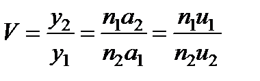 Для графического отыскания точки В 2 можно провести луч В 1 В 1 ║ А 1 О, тогда преломленный луч должен пройти через фокус F 2. Луч В 1 С, проходящий через центр С сферической поверхности, не изменяет направления своего распространения. Отношение линейных размеров изображения (y 2 = A 2 B 2) и предмета (y 1 = A 1 B 1) носит название линейного или поперечного увеличения V: При малых размерах А 1 В 1 и А 2 В 2 (параксиальное приближение) Для преломляющей системы n 1 и n 2 всегда положительно и поэтому знак V определяется знаком отношения а 2/ а 1. Для расположений, соответствующих действительному изображению, как на рис. 7.7, а 1 и а 2 имеют разные знаки, т.е. V – отрицательно и изображение перевернутое; для мнимых изображений – наоборот. Плоскость предмета A 1 B 1 и плоскость его изображения A 2 B 2 являются сопряженными по отношению к данной оптической системе. Сопряженные плоскости называются главными, если для них V = 1, т.е. изображение получается прямым и в натуральную величину. Из формул и следует, что для сферической поверхности главные плоскости совпадают между собой и представлены плоскостью, касательной к сфере в точке 0, т.е. а 1 = а 2 = 0. Поэтому фокусные расстояния сферической поверхности следует считать расстояниями от главных плоскостей до фокусов. На рис. 7.7 изображены также углы u 1 и u 2, определяющие максимальное раскрытие (апертуру) пучков, падающих на сферическую поверхность (угол 2 u 1), и сопряженных им изображающих пучков (угол 2 u 2). Предельное значение этих углов определяется требованием соблюдения условий параксиальности, когда изображение небольшого предмета будет передаваться без искажения. Для параксиальных лучей A 1 P Соотношение носит название теоремы Лагранжа-Гельмгольца и справедливо для параксиальных лучей. Получение четких изображений при употреблении пучков со значительной апертурой возможно лишь при выполнении условия синусов Аббе: Строение пучка, преобразованного оптической системой, может быть только таким, какое допускают условия или. Date: 2015-08-06; view: 470; Нарушение авторских прав |
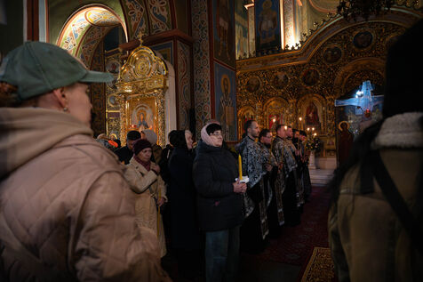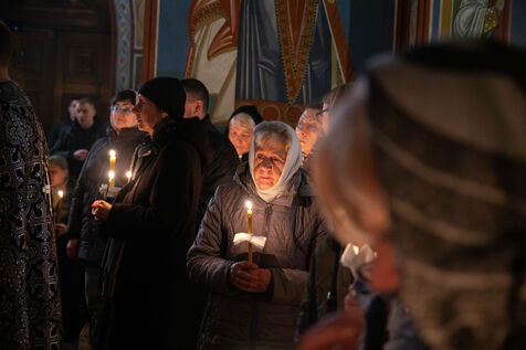 Worshippers attend Holy Thursday service inside St Michaels Cathedral in Kyiv Ukraine on April 9, 2026. The scene shows Orthodox believers gathered in prayer with candles and religious icons during Easter week rituals.
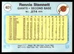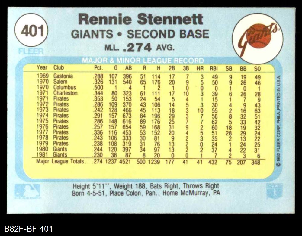 1982 Fleer #401 Rennie Stennett 8 - NM/MT
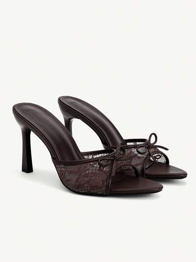 CUCCOO CHICEST Women Shoes Spring And Summer New Brown Lace Mesh Bow Peep Toe Women's High Heel Sandals Slippers Fashion Comfortable Versatile Elegant Sexy Party Women's Sandals Peep Toe Sandals Summer Shoes
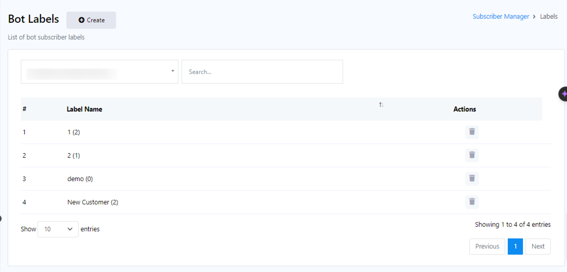 From the Bot Label, click on the `Create` button to create a new label. A pop-up form will appear with two fields: `Label Name` and `Select Bot`.
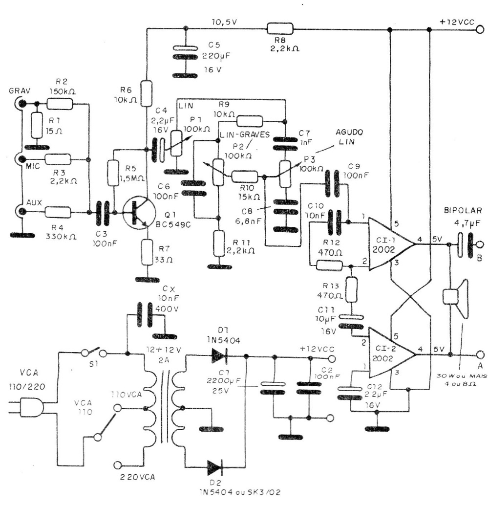 In the bridged configuration the TDA2002 amplifier can supply 30 W of power at a load of 4 ohms and slightly less at a load of 8 ohms. The circuit shown in the figure is from 1992 documentation and already includes the power supply. The power supply transformer must supply at least 2 A and the integrated circuits must be equipped with heat sinks. The circuit includes a pre-amplification stage, several inputs, and a tone control.
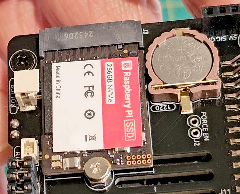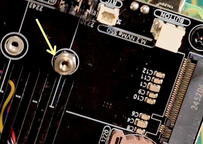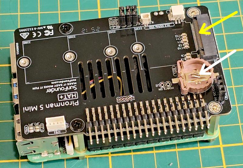 La carte est fixée par 4 vis, sur les entretoises longues. La flèche jaune indique le connecteur M2 pour un SSD NVMe, et la flèche blanche montre l’emplacement de la pile de maintien de l’heure pour la RTC (horloge « garde temps » du Raspberry Pi 5). Elle permet de redémarrer le Pi 5 non connecté au réseau tout en gardant l’heure réelle.
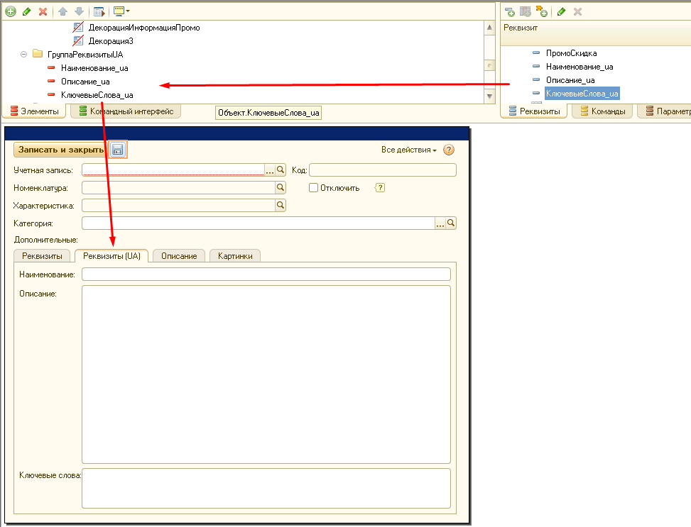 2. Отобразить реквизиты наименования, описания, ключевых слов на форме.
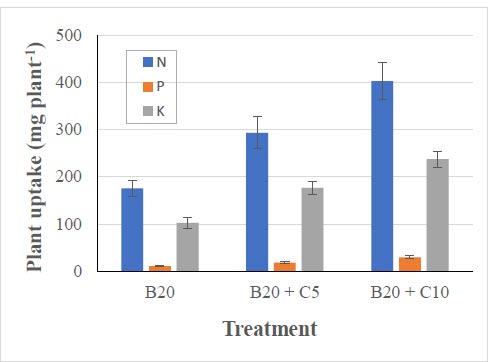 Total plant N, P, and K uptake, considered the total N, P, and K contents of the plant stems, leaves, and fruits, was measured after the destructive harvest on May 28 th, 2022. The highest N, P, and K uptake was recorded for B20+C10 treatment plants at 400 mg N, 29 mg P, and 237 mg K per plant (Fig. 5), whereas the lowest uptake was for B20 treatment at 175 mg N, 10 mg P, and 102 mg K per plant.

════════

What the task requires
Repeat the lines from the line containing "In the bridged" through the end of the material above exactly, with no pictures and nothing else.

Exercise output
 In the bridged configuration the TDA2002 amplifier can supply 30 W of power at a load of 4 ohms and slightly less at a load of 8 ohms. The circuit shown in the figure is from 1992 documentation and already includes the power supply. The power supply transformer must supply at least 2 A and the integrated circuits must be equipped with heat sinks. The circuit includes a pre-amplification stage, several inputs, and a tone control.
 La carte est fixée par 4 vis, sur les entretoises longues. La flèche jaune indique le connecteur M2 pour un SSD NVMe, et la flèche blanche montre l’emplacement de la pile de maintien de l’heure pour la RTC (horloge « garde temps » du Raspberry Pi 5). Elle permet de redémarrer le Pi 5 non connecté au réseau tout en gardant l’heure réelle.
 2. Отобразить реквизиты наименования, описания, ключевых слов на форме.
 Total plant N, P, and K uptake, considered the total N, P, and K contents of the plant stems, leaves, and fruits, was measured after the destructive harvest on May 28 th, 2022. The highest N, P, and K uptake was recorded for B20+C10 treatment plants at 400 mg N, 29 mg P, and 237 mg K per plant (Fig. 5), whereas the lowest uptake was for B20 treatment at 175 mg N, 10 mg P, and 102 mg K per plant.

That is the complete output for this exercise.